SQLite, DuckDB, libSQL, Turso, vector indexes, and JSON bundles should be generated runtime artifacts. They make agents fast at query time. They should not be the place where the public repository stores the canonical facts.
Use SQLite for local querying and runtime speed. Use JSONL for reviewable, mergeable, schema-validated truth.
As a canonical repo format, SQLite has the wrong failure modes: opaque diffs, heavy migrations, awkward merge conflicts, and poor review ergonomics. Agents can read SQLite, but contributors and reviewers cannot easily inspect what changed. For an agent-first repo, that is backwards: the source should be transparent, and the runtime should be generated.
An agent-first record should not be a loose summary. It needs stable identity, evidence, relations, retrieval hints, constraints, and freshness. If claims carry evidence, confidence, and freshness, they should often become first-class records instead of always being embedded inside an item.

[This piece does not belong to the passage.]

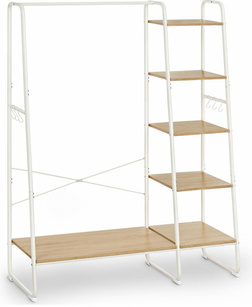 Věšák na oděvy, věšák na kabáty, 45 X 120 X 160 cm, věšák na oděvy s tyčí na oděvy, stojan na boty, otevřený v jednom věšáku na oblečení] Tyč na kabáty nebo košile, 6 polic na tašky, krabice nebo rostliny, boční lišty se 6 odnímatelnými háčky na klobouky nebo doplňky, další úložný prostor na boty ve spodní části [dostatek místa na ramínka a otevřená konstrukce] Tento velký věšák na oblečení s rozměry 45 x 120 x 160 cm nabízí dostatek prostoru pro zavěšení i dlouhých kabátů. Díky otevřené konstrukci máte oblečení vždy po ruce, takže se můžete rychle připravit na odchod [robustní a stabilní] Vysoce kvalitní dřevotřísková deska, pevné ocelové trubky - věšák na oblečení do předsíně je robustní, odolný a pružný (celkem do 220 kg ). Rám ve tvaru písmene A, x vzpěr v zadní části, speciálně tvarované nohy - pro vysokou stabilitu [univerzální] Tato otevřená skříň je ideální do ložnice, šatny nebo předsíně - podle vašich potřeb můžete na pravou nebo levou stranu věšáku na oblečení připevnit pětiúrovňovou polici Montáž - velmi snadná: díky přehledně označeným dílům a srozumitelnému ilustrovanému návodu (angličtina není zaručena) tento věšák na oblečení snadno sestavíte Podrobnosti o produktu:barva: bílý dub materiál: dřevotříska, ocel. Celkové rozměry: 45 x 120 x 160 cm (D X Š X V). Hmotnost: 16,6 kg. Maximální statická nosnost věšáku na oděvy: max. nosnost: 40 kg. Max. statická nosnost na jeden háček: max. nosnost věšáku na ramínka: 4 kg. Max. statická nosnost na úroveň (shora dolů): 21,3 kg, 24,9 kg, 27,2 kg, 29,9 kg, 75,3 kg. Max. celková statická nosnost: 220 kg Obsah balení: 1 x věšák na oděvy, 1 x balení příslušenství, 1 x návod k použití (čeština není zaručena) Vstupte do světa organizované elegance se stojanem na oblečení Greya z kolekce Vasagle Greya – vaším kouzelným koutkem pro styl a útulnost. Multifunkční design, který září originalitou. Tento šatník spojuje tyč na zavěšení, botník, 5 úložných polic a 6 bočních háčků ve tvaru písmene S v jediném pohlcujícím objemu. Vaše oblečení, boty, tašky, dekorace a rostliny získají svůj vlastní dokonalý kout. Nevídaný prostor pro vaše poklady. Se svými rozměry poskytuje tento stojan na oblečení dostatek otevřeného úložného prostoru pro vaše nejdražší věci. A co víc, vertikální prostor zaručuje bezproblémové zavěšení dlouhých kabátů, abyste byli připraveni na každý nový den. Stabilita jako základ elegance. Vyvinut z kvalitní dřevotřísky a odolného ocelového rámu, tento stojan unese až 220 kg váhy, připraven vám poskytnout pevnou oporu, rok za rokem. A s nosností závěsné tyče až 40 kg si můžete být jisti, že i ty nejtěžší kabáty budou v bezpečí. Flexibilita podle vašich snů. Pět úložných polic lze snadno umístit na levou nebo pravou stranu šatní tyče, přizpůsobitelnost na míru podle vašich potřeb. Použijte tento stojan v ložnici, předsíni, obývacím pokoji – kdekoliv, kde potřebujete spojit praktičnost s elegancí. Montáž bez starostí. I když nejste profesionální montér, s jasným návodem a očíslovanými díly můžete tento šatník sestavit bez námahy. Specifikace produktu: Industriální design Praktické řešení Kvalitní zpracování

{"id":"sap.app.eam.pm.ie03","kind":"sap_app","title":"IE03 - Display Equipment","summary":"SAP GUI transaction context for displaying equipment.","topics":["sap-gui","eam","plant-maintenance","equipment"],"claim_ids":["sap.claim.ie03.display-equipment"],"source_ids":["sap.source.tc-ie03-public"]}
{"id":"sap.claim.ie03.display-equipment","subject_id":"sap.app.eam.pm.ie03","statement":"IE03 is used to display equipment master data.","confidence":"high","evidence_ids":["sap.source.tc-ie03-public"],"freshness":{"reviewed_at":"2026-06-24","review_after":"2026-12-24"}}
The point is not that every record must be large. The point is that the important semantics are explicit. A good agent record can answer:
The repo should not be organized around documents. It should be organized around typed, testable, buildable records.
records/
items/
sap_app.jsonl
sap_table.jsonl
sap_field.jsonl
workflow.jsonl
role.jsonl
claims.jsonl
relations.jsonl
sources.jsonl
schema/
item.schema.json
claim.schema.json
relation.schema.json
source.schema.json
bundle.schema.json
eval.schema.json
retrieval/
hints.jsonl
query_patterns.jsonl
evals/
retrieval.jsonl
bundle_quality.jsonl
adversarial.jsonl
dist/
sap-agent-context.sqlite
sap-agent-context.duckdb
indexes/
bundles/
embeddings/
The CLI then becomes the agent interface:
sap-agent-context validate
sap-agent-context query "IE03 equipment display"
sap-agent-context bundle --goal "FO for SAP GUI equipment display"
sap-agent-context build-db --target sqlite
sap-agent-context build-db --target duckdb
sap-agent-context eval retrieval
sap-agent-context explain sap.app.eam.pm.ie03
The product is not the repository. The product is the bounded context bundle an agent can trust for a specific goal: relevant records, must-cite evidence, warnings, gaps, confidence, and forbidden assumptions.
{"bundle_id":"bundle.eam.equipment-display","goal":"write FO for EAM equipment display flow","items":["sap.app.eam.pm.ie03","sap.object.eam-equipment"],"must_cite":["sap.source.tc-ie03-public"],"warnings":[],"gaps":["customer-specific authorization model not supplied"],"forbidden_assumptions":["do not infer customer authorization design"],"confidence":"medium"}
If humans rarely touch the data directly, stop designing the canonical layer as if it is a document library. Design it for what agents actually need to do:
That is why my current answer is slightly more precise: JSONL is the best canonical SSOT for agent-first knowledge corpora. A single schema contract can still be JSON. SQLite, DuckDB, Turso, bundles, embeddings, and generated indexes are accelerators. Curated retrieval hints and evals are part of the quality contract. JSON Schema is the guardrail. The knowledge source is atomic JSONL.
This is the direction I want to process further into my own stack: typed JSONL records as the source, generated databases as runtime, and retrieval evals as proof that agents are getting the right context.